Telomeres are a repetitive sequence of five nucleotides (the building blocks of DNA and RNA) – TTAGGG. They are found on the most extreme parts of chromosomes (our DNA, very densely packaged in threadlike structures). If we take a DNA chain from one cell and stretch it, it will be 182.88 cm long. If we take DNA from all our cells and stretch it, it will reach 107.826 trillion kilometers in length – "the same as about 150,000 two-way trips to the moon" (ref.1).  Humans have 23 pairs of chromosomes in almost every cell of the body and 32.7 trillion cells in the human body overall (ref.2). It's amazing how such a large structure as DNA is packed in such a tiny space - chromosomes that are 0.001 to 0.02 mm long on average.

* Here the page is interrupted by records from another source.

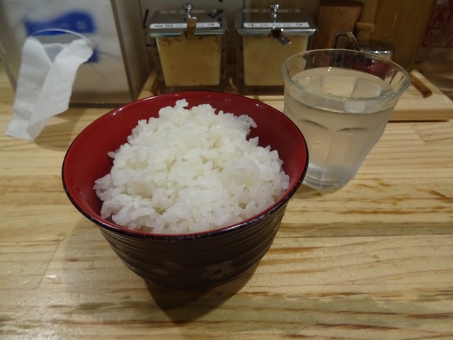 ライスは一見した感じでは小さめの器に入っていると思われましたが、縦に細長い感じの器でして、量的には家系でよく使われている普通ライス用の器に入っているぐらいの量はシッカリと入っており、値段以上の量という感じでしたね。
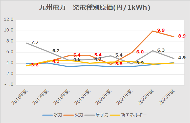 九州電力の発電種別コスト、及び原子力発電の原価内訳を発電量、損益計算書、営業費用明細から考察
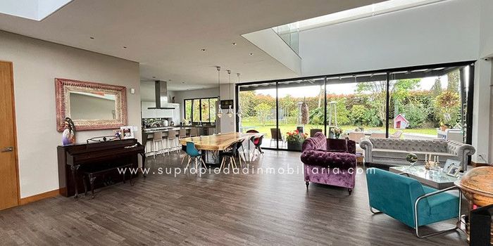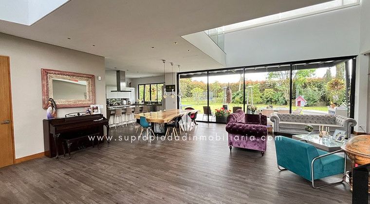 Casa en venta, Alto de las Palmas, Envigado. Exclusiva casa de 436 m² construidos en lote propio de 1.603 m², ubicada en una de las parcelaciones más prestigiosas del sector. Distribución perfecta en dos niveles: primer piso con sala y comedor independientes, cocina integral con isla, estudio/oficina, 1 habitación con baño y vestier, medio baño social, habitación de servicio con baño, zona BBQ, deck comedor exterior, huerta, amplios jardines y 2 cuartos útiles. Segundo piso dedicado al descanso con 3 amplias habitaciones, cada una con baño privado y vestier; la principal con balcón y vista espectacular. Incluye 2 parqueaderos cubiertos + 4 descubiertos. La parcelación ofrece gimnasio, turco, salón social, 2 canchas de tenis, microfútbol, juegos infantiles, pista de trote y exuberantes zonas verdes. A solo 25 minutos de Medellín y minutos del Shopping Le Mont y Viva Palmas. ¡Vive rodeado de naturaleza, lujo y exclusividad! ¡Agenda tu visita ahora! SE ENTREGA SIN AMOBLAR
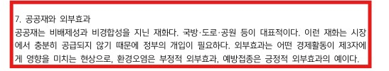 출제 맥락: 시장이 스스로 해결할 수 없는 문제들이므로, 정부의 역할과 공동체의 책임이 왜 중요한지를 설명할 때 반드시 필요한 개념입니다.
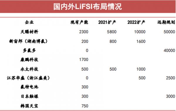 近年来,诸如康鹏科技、新宙邦、氟特电池等国内的一批公司相继突破了LiFSI 生产技术难点,实现了相关专利保护,还建设投产了工业化产线,成功打破了日本触媒对 LiFSI 市场的垄断格局。截至2020年,全球共有 LiFSI 产能7400吨,其中中国拥有产能6800吨,是全球最大的 LiFSI 生产国。
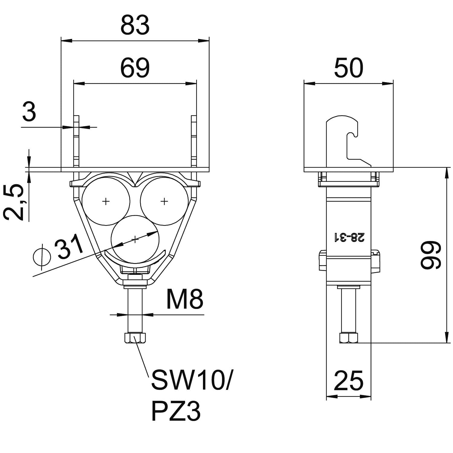 OBO BETTERMANN - Staffa reggicavo per 3 conduttori da 28 a 31mm in acciaio zincato a caldo per immersione. 1174541
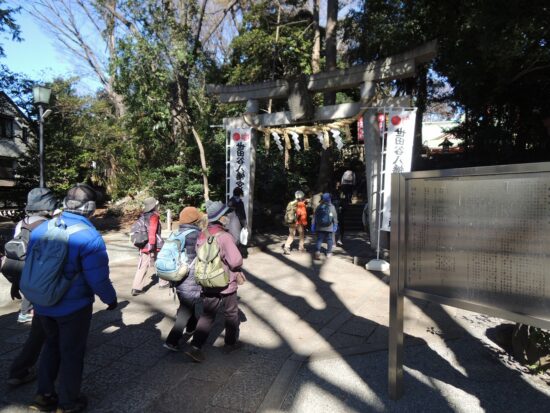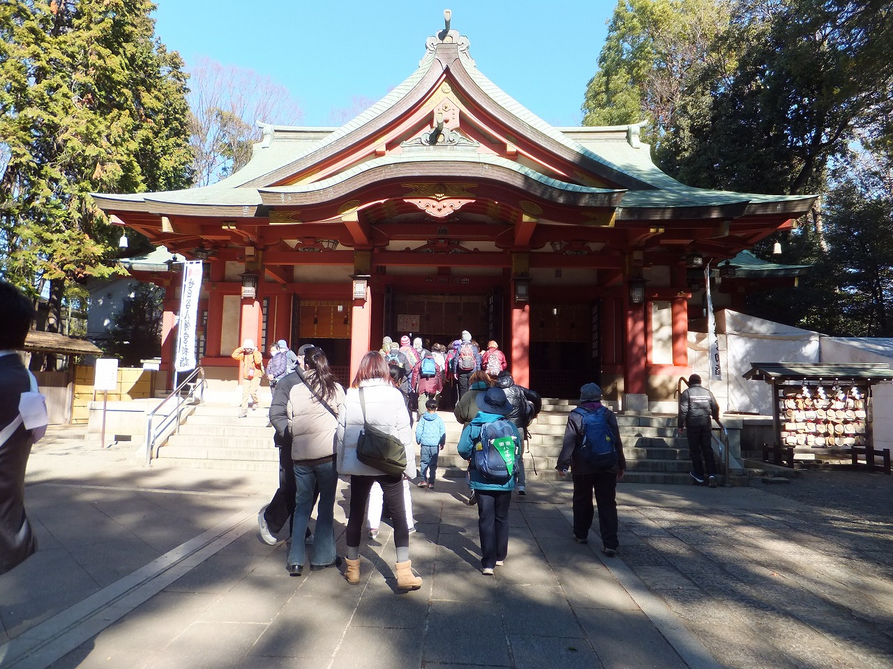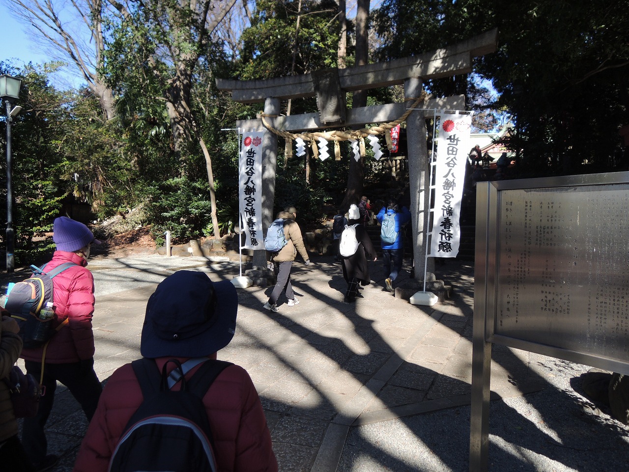 世田谷八幡宮に到着(世田谷八幡宮の由来は、平安時代初期、源義家が戦の勝利を祝し、弓矢などを納めて勧請したのが始まりといわれていま す。実際は天文15年(1546)に当時の世田谷城主、吉良頼康が社殿を建立したのが始まりと考えられています。)
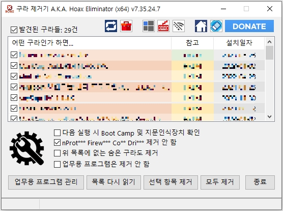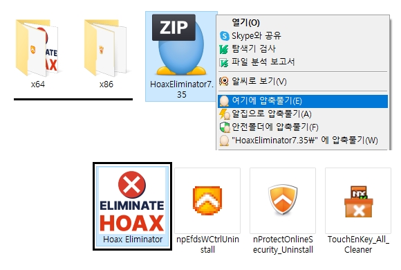 Hoax Eliminator라는 이름을 가지고 있는 구라제거기는 여러가지 보안 프로그램들을 한번에 삭제할 수 있는 소프트웨어입니다.
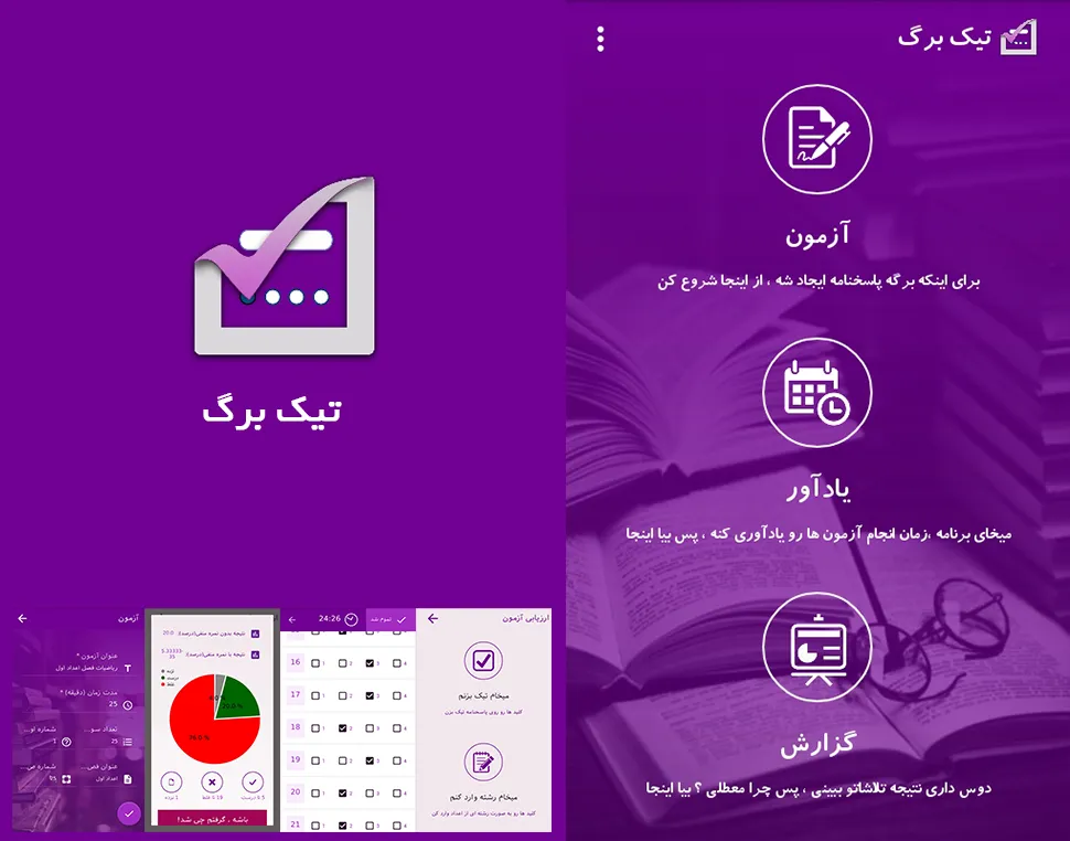 تیک برگ یک اپلیکیشن در حوزه آموزش و تست زنی می باشد . در واقع یک پاسخ نامه هوشمند است با قابلیت زمان بندی، تنظیم هشدار، تصحیح و محاسبه نمره آزمون .

In adolescence, the body develops fastest, which means that the cells in our body are constantly multiplying. Therefore, the chromosomes in these cells replicate - the newly formed cell copies the chromosomes of the cell from which it originated. With each replication of chromosomes, parts of DNA are lost, and in order to not lose genes that are vital to us, we have evolved to have telomeres. Telomeres protect our genetic information and bear the consequences of reproduction, losing nucleotides at each cell division. Upon reaching maturity, some cells stop constantly dividing, but others are doomed to shorten telomeres throughout life. 

Why does length matter?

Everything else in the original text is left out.